Один из предков Абдаррахмана, пятый Омейяд, послал эмира Мусу в Медный город. Путь вел от Дамаска через Каир и дальше через великую пустыню на запад, к побережью Мавритании. Поход был предпринят ради медных сосудов, куда царь Соломон заключил мятежных демонов. Рыбаки, забрасывавшие сети в Каркарское море, иногда вытаскивали вместе с уловом и эти сосуды. Сосуды были запечатаны печатью Соломона; когда их вскрывали, демон выходил оттуда в виде дымного облака, застилавшего небо.

Эмиры с именем Муса были и позднее, в Гранаде и других городах маврской Испании. Этого Мусу, завоевателя северо-западной Африки, можно считать их прототипом. Западные черты невозможно не заметить, хотя надо учесть, что в верхах различия между расами и областями размываются.

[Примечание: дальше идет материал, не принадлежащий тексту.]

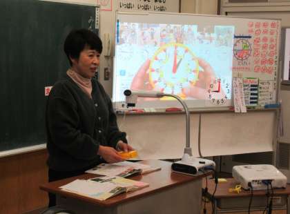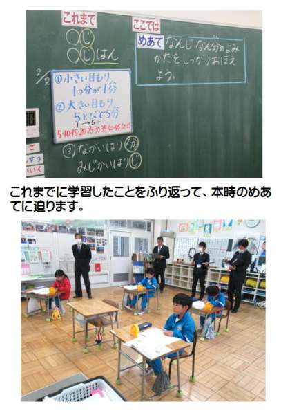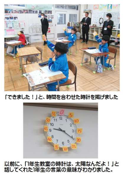 1年生の算数では、めあて「何時何分のよみ方をしっかりおぼえよう」の学習に取り組んでいました。子どもたちは具体物(時計)を手にして、先生から出題された時刻に針を動かしたり、時刻を読み取ったりして、楽しく学習していました。「先生、できました!」とみんな自信満々でした。
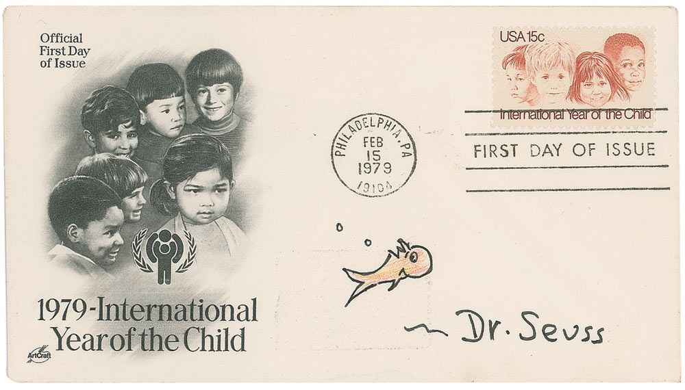 Original signed ink and colored pencil sketch of ‘one fish’ and bubbles on an off-white First Day Cover with a cachet honoring the International Year of the Child. In fine condition.
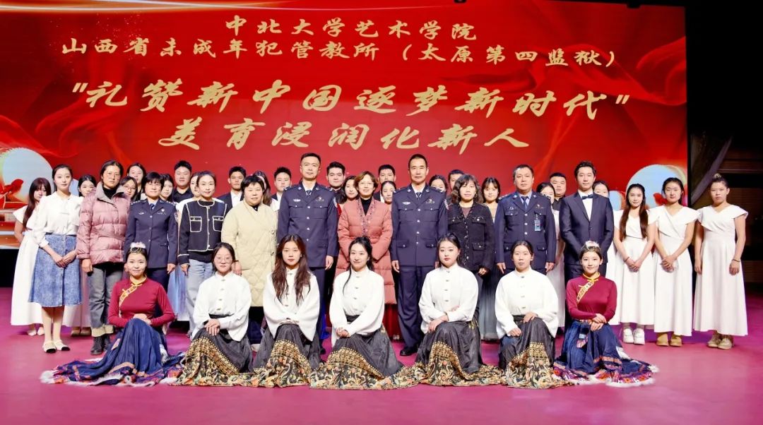 随后,艺术学院开展以“礼赞新中国 逐梦新时代”为主题的美育浸润化新人帮教演出。节目形式多样,包括小合唱、器乐演奏、朗诵和舞蹈等,充分展现了艺术学子的青春活力和专业技能,彰显了向上向善的精神力量,弘扬了感恩励志的社会正能量。这些节目激发了服刑人员焕发新生的潜能,为教育改造工作营造了积极的氛围。演出结束后,艺术学院师生在管教所领导及干警的陪同下,参观了服刑人员休息生活、文艺活动、心理咨询等场所,对管教工作有了更直观地了解。
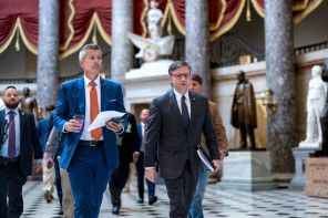 На фото: министр транспорта Шон Даффи (слева) и спикер Палаты представителей Майк Джонсон, республиканец от Луизианы, идут через Скульптурный зал Капитолия на пресс-конференцию, посвященную 23-му дню приостановки работы правительства, в Вашингтоне.
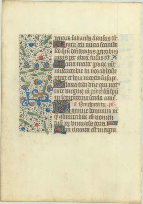 Superb vellum leaf from a French Book of Hours. The text is in a bold gothic book hand with nine illuminated initials and five line fillers. Both sides include fine floral and vine panels painted in a multitude of colors and gold leaf. The text includes a hymn and beginning with the capital "Q" at top on recto translates as:

Как в моральном плане люди, приближаясь к совершенству, становятся похожими, почти одинаковыми, так и здесь, в плане духовном. Отрыв от мира и материального увеличивается; растет любопытство, а с ним и соблазн приблизиться к последним тайнам, пусть и с большим риском. Это аристотелевская черта. Она ставит себе на службу искусство расчета.

Предание не сообщает, имел ли эмир опасения относительно вскрытия сосудов. Из других источников мы знаем, что это было опасно. Так, один из плененных демонов дал обет сделать своего освободителя могущественнейшим из смертных; сотни лет размышлял он об этом благодеянии. Но потом настрой его духа изменился; в узилище скопилось слишком много яда и желчи. И когда спустя еще сотни лет какой-то рыбак распечатал сосуд, он только хитростью избежал судьбы быть растерзанным демоном. Зло становится тем страшнее, чем дольше оно не находит выхода.

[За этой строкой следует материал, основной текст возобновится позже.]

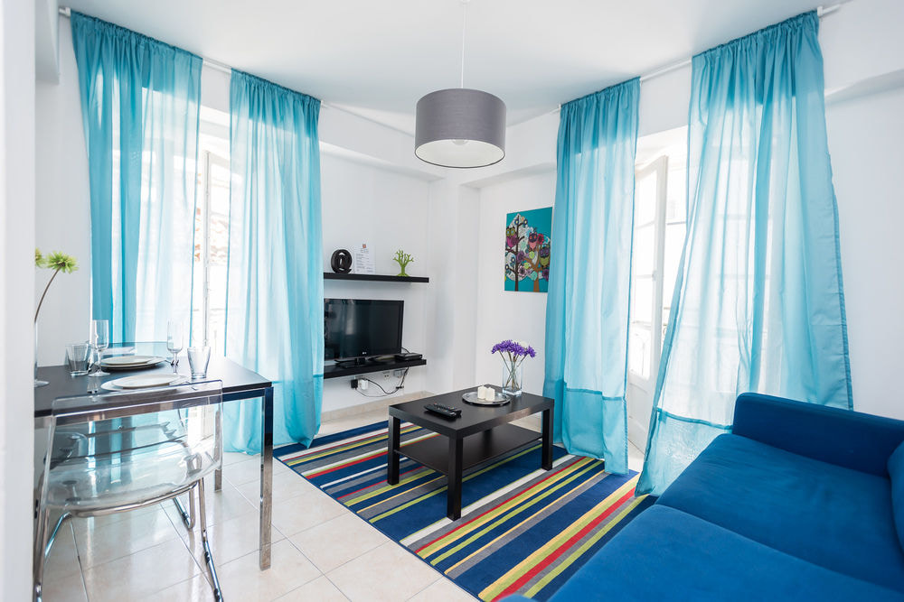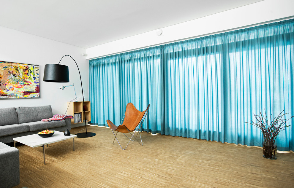 On the picture living room in light colors, the emphasis is on the curtains in bright blue.
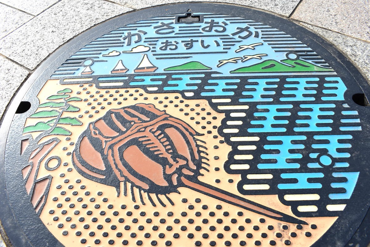 笠岡のシンボル的存在「カブトガニ」ですが、カブトガニが増えるということは水質が良い証。下水道のPRにも欠かせない生きているシンボルなのです。2017年12月より配布の最新マンホールカードにも選ばれました(第6弾)。
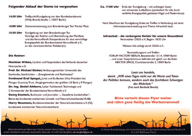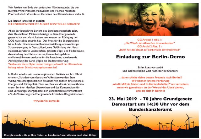 Deswegen würde ich mich freuen, Sie am 23.05.in Berlin, begrüßen zu dürfen, um gemeinsam gegen die Windindustrie und eine Menschen und Natur verachtenden Energie- und Klimapolitik zu protestieren.
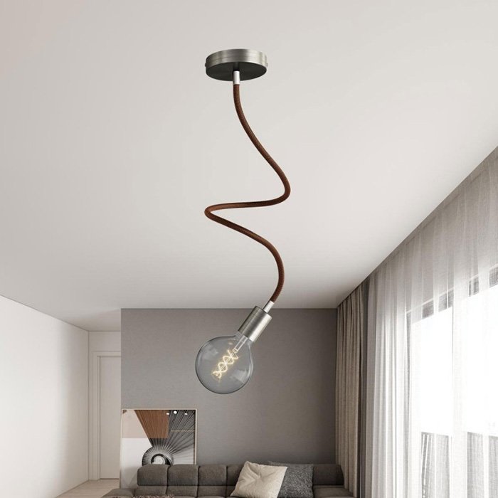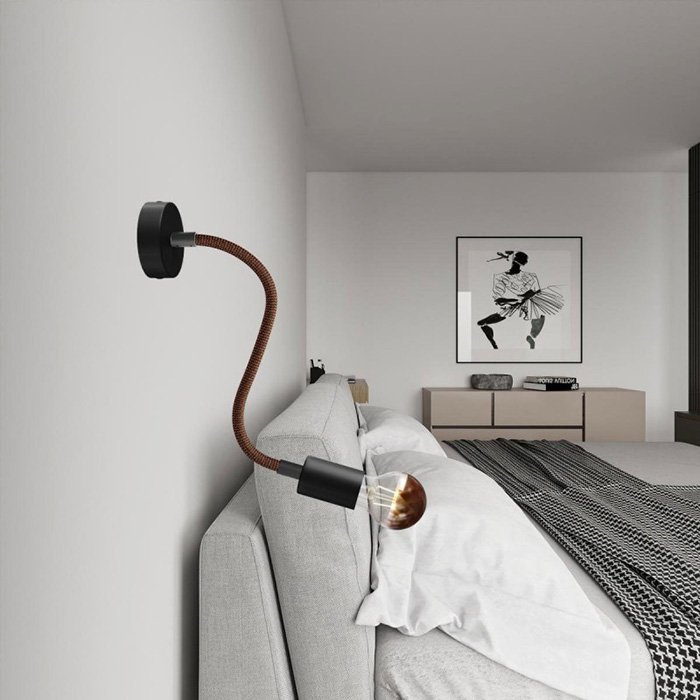 Pleciona powierzchnia z delikatnej tkaniny Rayon (sztucznego jedwabiu) nadaje metalowemu ramieniu elastycznemu z solidną mechaniką wyjątkowy wygląd, dzięki czemu staje się on nie tylko funkcjonalnym, ale i estetycznym elementem wnętrza.
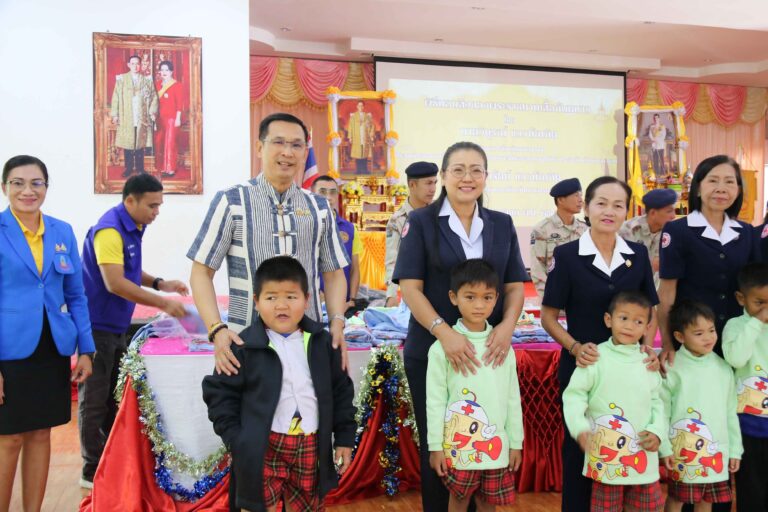 เหล่ากาชาดจังหวัดมหาสารคาม มอบเสื้อกันหนาวสภากาชาดไทยให้แก่นักเรียนโรงเรียนราชประชานุเคราะห์ ในเขตพื้นที่อำเภอวาปีปทุม

В любом случае понятно, что Мусу не испугало бы вскрытие сосудов. О его неустрашимости красноречиво говорит поход через пустыню. Старик Абдэссамад, владевший «Книгой тайных сокровищ» и знавший толк в звездах, через четырнадцать месяцев привел караван в Медный город. Люди отдыхали в покинутых крепостях и меж могил заброшенных кладбищ. Иногда находили воду в колодцах, вырытых Искандером во время его движения на Запад.

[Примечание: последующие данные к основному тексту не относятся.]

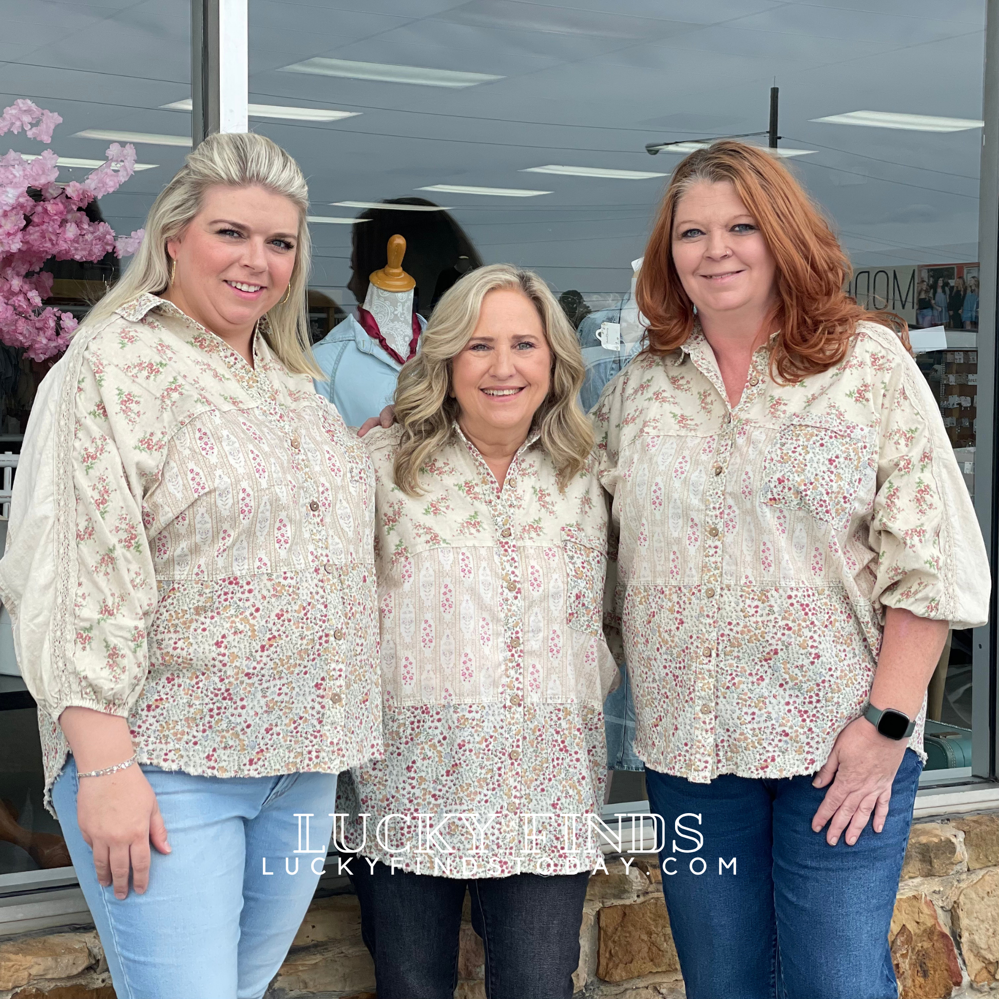 Gorgeous Washed Mix Floral Patchwork Button Down Shirt, Drop Shoulder Relaxed Boxy Fit
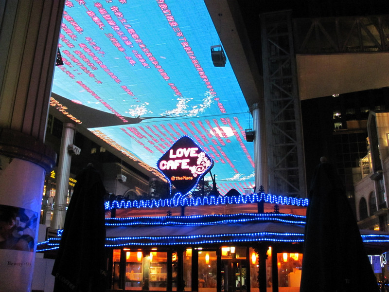 След цирка следваше и нощна разходка на Пекин, който целият бе осветен с различни светлини, но отново най-много ме впечатли големият им открит екран, който бяха опънали върху цяла улица. Смяташе се, че това е вторият по големина екран в Азия и по него прожектираха кратки филмчета за космоса, след това имаше множество надписи. Екскурзоводът ни обясни, че често сред тези надписи имало обяснения в любов и предложения за женитба. Покрай екрана, на улицата имаше много заведения, едно от които се казваше Love Café и веднага си представих влюбените, които идваха тук на по чаша питие или сладолед и загледани в екрана над тях, можеха да изразят любовта си – изписана на небесния екран със звездни букви.

Но и Медный город вымер и оказался обнесен высокой стеной; прошло еще две луны, прежде чем кузнецы и плотники изготовили лестницу, достигавшую гребня стены. Те, что первыми взобрались наверх, были ослеплены волшебством, хлопали в ладоши и с криком «Ты прекрасен!» бросались вниз. Так один за другим погибли двенадцать спутников Мусы, пока наконец Абдэссамад не сумел одолеть чары благодаря тому, что все время восхождения он призывал имя Аллаха, а очутившись на гребне, вознес молитву о спасении. Сквозь фантастическое видение, словно под зеркалом вод, разглядел он изуродованные тела взошедших на стену до него. И сказал Муса: «Если так ведет себя разумный, то что сделает безумец?»

По винтовой лестнице одной из башен шейх спустился вниз и изнутри открыл ворота мертвого города. Однако ж рассказ об эмире Мусе относился не к этим приключениям, хотя и они имеют свою подоплеку, а к столкновению с историческим миром, который на фоне реальности сказки превращается в призрачное видение.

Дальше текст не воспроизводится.